Immunodiagnosis of alveolar hydatid disease is useful, effective, and more reliable than the diagnosis of cystic hydatid disease. The sensitivity in alveolar hydatid disease is 95% to 100%, and the specificity is high if purified and specific antigens are used. Native Em2 antigen, alone or mixed with recombinant Em10, is highly specific for alveolar hydatid disease using ELISA, and only a few cystic hydatid disease cases are cross-reactive (Silas-Lucas & Gottstein, 2001). Immunodiagnosis has a diagnostic sensitivity of 97.1% and overall specificity of 98.9%. The reported sensitivity of the recombinant Em18-ELISA was 87% with 97% specificity (Ito et al, 2002; Sako et al, 2002). The stage of the disease is the main prognostic factor, similar to malignant tumors. The so-called PNM system (parasitic mass, involvement of neighboring organs, metastasis) is a clinical staging system for alveolar hydatid disease (Box 68.1 and Table 68.5; Pawlowski et al, 2001).
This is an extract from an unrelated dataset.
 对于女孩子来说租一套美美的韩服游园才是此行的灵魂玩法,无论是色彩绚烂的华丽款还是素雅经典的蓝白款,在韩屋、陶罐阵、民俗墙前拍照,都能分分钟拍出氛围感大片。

Alveolar hydatid disease is more difficult to treat than cystic hydatid disease. Early diagnosis is crucial, and new imaging and serologic techniques, advances in surgery, and the introduction of chemotherapy have improved outcome. When alveolar hydatid disease is diagnosed, the patient should undergo treatment regardless of whether symptoms are present. The two treatment options are surgery and chemotherapy.
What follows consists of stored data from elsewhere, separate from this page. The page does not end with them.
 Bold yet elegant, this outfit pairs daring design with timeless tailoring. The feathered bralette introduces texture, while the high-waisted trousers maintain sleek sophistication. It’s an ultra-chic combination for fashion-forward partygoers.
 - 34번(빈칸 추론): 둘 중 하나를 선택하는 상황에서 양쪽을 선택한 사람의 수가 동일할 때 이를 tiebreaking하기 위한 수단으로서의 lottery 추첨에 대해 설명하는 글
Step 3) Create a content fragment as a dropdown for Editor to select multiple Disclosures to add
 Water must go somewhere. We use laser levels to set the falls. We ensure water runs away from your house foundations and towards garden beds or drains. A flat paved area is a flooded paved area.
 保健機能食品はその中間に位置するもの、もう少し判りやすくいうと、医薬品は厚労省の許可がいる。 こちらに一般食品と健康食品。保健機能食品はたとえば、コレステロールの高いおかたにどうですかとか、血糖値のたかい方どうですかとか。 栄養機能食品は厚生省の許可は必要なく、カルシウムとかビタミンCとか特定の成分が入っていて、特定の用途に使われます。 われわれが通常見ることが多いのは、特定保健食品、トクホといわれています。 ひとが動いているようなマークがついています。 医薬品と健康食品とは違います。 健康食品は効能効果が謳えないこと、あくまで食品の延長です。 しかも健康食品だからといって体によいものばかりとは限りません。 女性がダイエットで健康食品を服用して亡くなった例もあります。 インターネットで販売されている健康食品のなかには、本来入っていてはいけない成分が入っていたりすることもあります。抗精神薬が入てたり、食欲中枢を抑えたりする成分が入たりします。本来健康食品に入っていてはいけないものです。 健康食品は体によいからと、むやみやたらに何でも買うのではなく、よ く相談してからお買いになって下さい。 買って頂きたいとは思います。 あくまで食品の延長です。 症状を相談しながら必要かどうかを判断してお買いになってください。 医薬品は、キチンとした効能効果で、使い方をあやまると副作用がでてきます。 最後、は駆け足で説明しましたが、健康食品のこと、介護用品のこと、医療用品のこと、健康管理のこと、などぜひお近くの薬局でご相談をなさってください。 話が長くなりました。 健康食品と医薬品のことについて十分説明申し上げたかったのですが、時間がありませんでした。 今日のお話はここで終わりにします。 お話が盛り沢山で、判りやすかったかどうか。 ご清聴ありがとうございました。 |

Curative liver resection is the treatment of choice for localized lesions. Because of the frequent involvement of the biliary bifurcation, liver resection often requires a biliary reconstruction using a Roux-en-Y jejunal loop. Most of the lesions occur in the right lobe of the liver; if adherent to the diaphragm, such lesions may require an associated diaphragmatic resection. Palliative resection has been proposed in patients with large bilobar involvement with extension to the portal vein or to the vena cava. This approach, combined with medical treatment, can result in long-term survival. In contrast, surgical external biliary drainage of cyst cavities is associated with poor outcome. Liver transplantation should be considered in patients who have unresectable disease, especially with massive involvement of the pedicle or coexisting chronic liver failure (Bresson-Hadni et al, 2003). The frequent extrahepatic extension of the disease—involving the hepatoduodenal ligament, vena cava, diaphragm, and pericardium—makes total hepatectomy technically difficult. In addition, hydatid disease may recur even after liver transplantation (Bresson-Hadni et al, 1999). Adjuvant chemotherapy with albendazole should be added to posttransplant medication regimens to prevent recurrence (WHO Informal Working Group on Echinococcosis, 1996).
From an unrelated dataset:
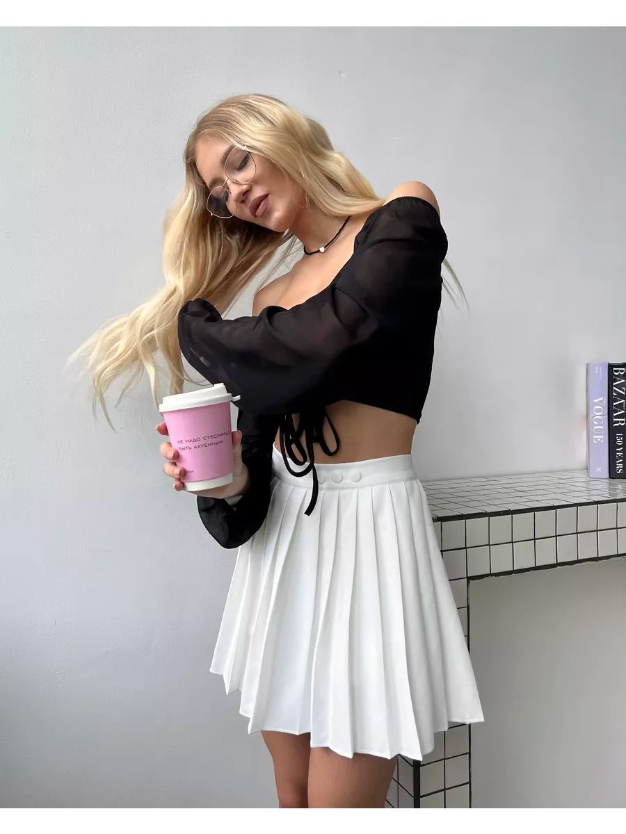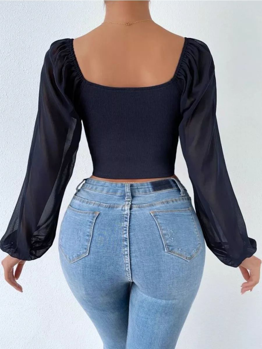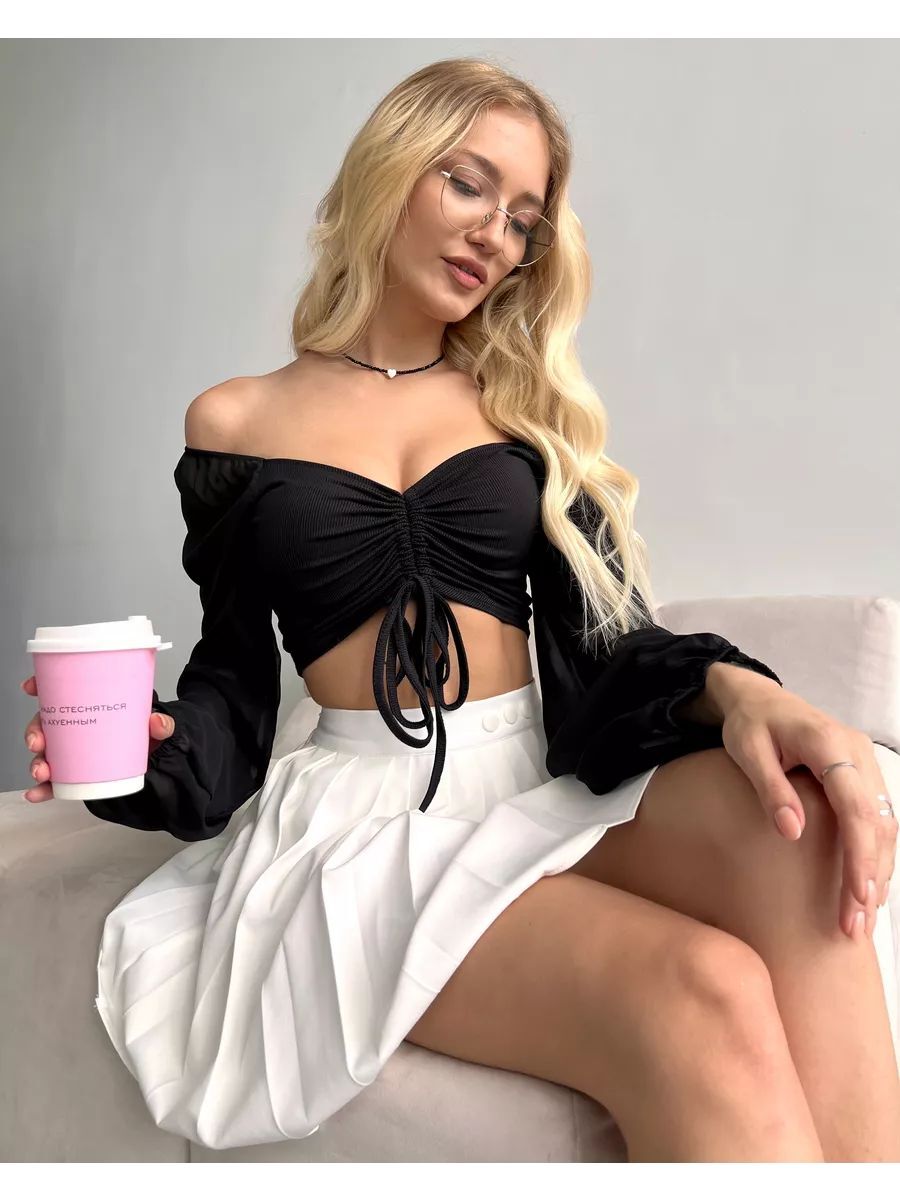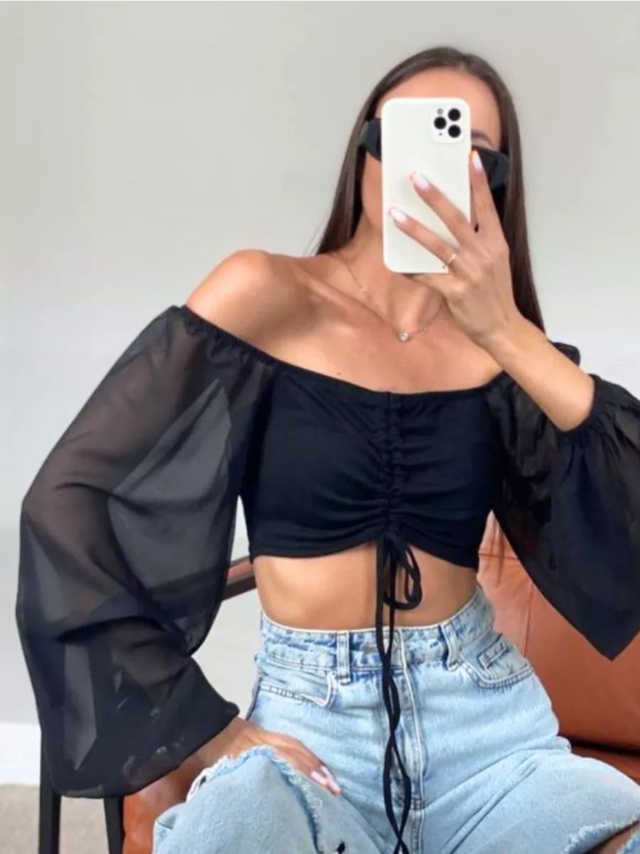 Этот кроп топ женский с рукавами фонариками идеально подходит для лета – ультра-легкий, он обеспечит вам ощущение свежести и комфорта. Черный топ со сборками будет сочетаться со всеми другими элементами вашего образа. Прекрасный выбор для любого случая - от классического офисного стиля до расслабленных летних образов.

Albendazole (15 mg/kg/day) is probably the best drug currently available for alveolar hydatid disease. It is generally accepted that long-term albendazole therapy is primarily parasitostatic. Evidence of a parasiticidal effect of long-term albendazole has been reported, however, in a few cases (Ammann et al, 1998). More recent studies provide clear evidence that long-term chemotherapy of alveolar hydatid disease is effective. Oral albendazole resulted in an improved 10-year survival rate of 80% to 83% compared with 6% to 25% for untreated historic controls (Craig, 2003). Nitazoxanide, a broad-spectrum antihelmintic drug, has been tested for experimental alveolar hydatid disease. Nitazoxanide is better absorbed than albendazole after oral administration, and it provides an attractive potential alternative for medical treatment (Stettler et al, 2003).